Pokemon generation using GAN.
Dataset was adapted from https://github.com/msikma/pokesprite. Used Gen_7 sprite (as gmax sprites in Gen_8 differ in size). Cropped and centered to (50,50,3).
Tensorflow 2.4.1, Numpy 1.20.3, Matplotlib 3.3.2
A 2-layer convolutional GAN. 2 layers is sufficient as Pokemon sprites are consisted of mostly simple low-level features. Generator uses Relu activation. Discriminator uses LeakyRelu activation.
Weakness: Network might generates similar images especially the texture. This network is prone to mode collapse.
100 epochs | 200 epochs | 400 epochs | 1000 epochs |
---|---|---|---|
![]() |
![]() |
![]() |
![]() |
Leverage the Wasserstein distance primarily used to address mode collapse. Images generated has more variety. Both Generator and Discriminator use LeakyRelu activation. In this version, I made the network to train the discriminator more than the generator using "n_critic" following the original implementation.
100 epochs | 200 epochs | 400 epochs | 1000 epochs |
---|---|---|---|
![]() |
![]() |
![]() |
![]() |
- Due to the simplicity (low-level feature and low resolution) of dataset, a small network is sufficient. I had tried more complicated networks but the results are image blobs.
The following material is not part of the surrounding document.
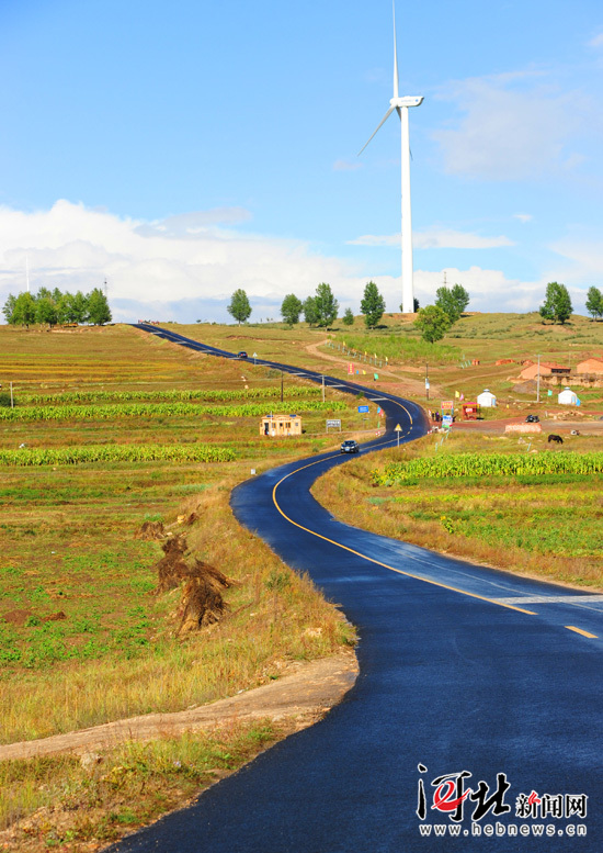 在壩上草原,一條全長(zhǎng)132.7公里的雙向兩車道縣級(jí)公路,把張北、崇禮、萬全大大小小近20個(gè)景點(diǎn)連成了串兒,在不到五年的時(shí)間里揚(yáng)名全國(guó),成為帶動(dòng)壩上17個(gè)鄉(xiāng)鎮(zhèn)、80多個(gè)村、10多萬農(nóng)民致富的草原天路……
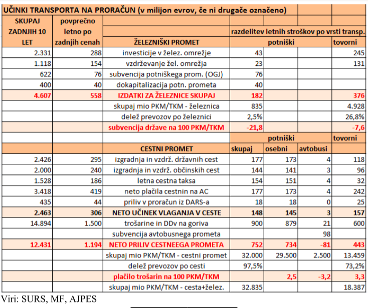 Na levi strani tabele so najprej navedeni skupni podatki v povezavi z železniškim transportom v Sloveniji. Sistem funkcionira tako, da država gradi (financira) vsa vlaganja v železniško infrastrukturo ter tudi plačuje pretežni del delovanja železniškega omrežja, prevozniki, predvsem Slovenske železnice in v manjši meri tudi tuji operaterji pa to omrežje koristijo in zanj tudi nekaj plačujejo – a seveda še zdaleč ne vseh stroškov delovanja omrežja. Po proračunskih dokumentih je tako država v zadnjih desetih letih v izgradnjo in predvsem obnovo železniškega omrežja vložila 2,3 milijarde evrov ali 288 milijonov eur povprečno letno zadnjih cenah. Takšni so bili izdatki proračuna, ki so bili sicer v pomembni meri financirani s sredstvi Evropske Unije, a to vseeno lahko razumemo kot vlaganja Slovenije v železniško omrežje. Če sredstev EU ne bi porabili za ta namen, bi z njimi financirali druge projekte. Pa tudi sicer smo v zadnjih desetih letih 62 % pridobljenih sredstev iz EU zagotavljali z vplačilom prispevka v proračun EU, pri čemer se ta delež z rastjo razvitosti Slovenije povečuje. Zaenkrat smo še neto prejemnica sredstev iz EU, a sčasoma bomo vsa prejeta sredstva zagotovili pravzaprav kar sami. Zaradi tega lahko štejemo omenjenih 2,3 milijarde državnih vlaganja v železniško omrežje kot izdatek državnega proračuna.

- Image augmentation (in code "data_augmentation") is useful but too much of it will do more harm than good. Random brightness was not used as the background is white (will turn greyish when used).
- "random_normal_dimensions" for setting the dimension of noise is a hyperparameter. I found that adding a larger noise dimension doesn't show any performance improvement and stick with the current dimension.